Another problem I ran into is that the Utah array recordings we used weren’t as stable as they needed to be. Even losing 10% of spikes towards the end of the recording can easily mess up the analysis of such a dataset. So I had to reject most cells from analysis and that only left about 10 cells per recording day which didn’t really give the inference power I was looking for. If anybody has any insights on stabilizing Utah arrays somehow I’d be very interested.
So instead I mostly analyzed LFP receptive fields. You will notice that there are 2 different components to the LFP receptive fields estimated through reverse correlation. There’s an initial component which is very broadly tuned for space and a later component, either of the same or different polarity, that is much more tightly tuned in space. Both of these components have smoothyl changing retinotopy on the array.
As it turned out the broad component would see some similar changes in peak RF position and size across the entire array, while the tightly tuned component would see much more local changes. What I think is happening is that the tightly spatially tuned component is integrating over a small chunk of cortex, say 250 microns, while the other component is integrating over a larger area. That brings a little twist to the Ringach/Shapley LFP cortical integration story that I’d like to follow through.

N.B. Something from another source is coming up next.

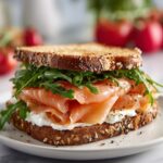 A delicious and easy-to-make smoked salmon sandwich featuring creamy cream cheese, tangy Dijon mustard, briny capers, and fresh herbs on whole grain or rye bread. Perfect for a quick lunch or light dinner with a burst of savory and fresh flavors.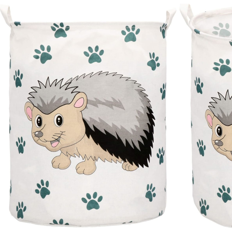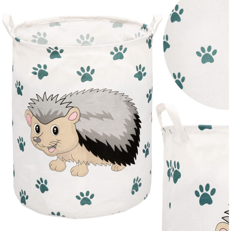 Gamintojas: Springos Spalva: daugiaspalvė Išorinė medžiaga: 70% linas, 30% medvilnė Paskirtis: saugojimui Raštas: ežiukas + letenėlės Aukštis: apytiksl. 50 cm Skersmuo: apytiksl. 40 cm Talpa: 80l

The next steps are pretty obvious:
- change the content of the adapting image to trigger change as strongly and rapidly as possible
- increase the adaptation period
- modify the mapping stimulus to map receptive fields as efficiently as possible, possibly using online infomax methods or cruder trial and error
- continue work on estimating a well-defined MUA to increase the number of effective electrodes I can work with
- change spike detection and tracking algorithms to account for nonstationary recordings
Thanks to everyone who went to see the poster, your feedback was invaluable.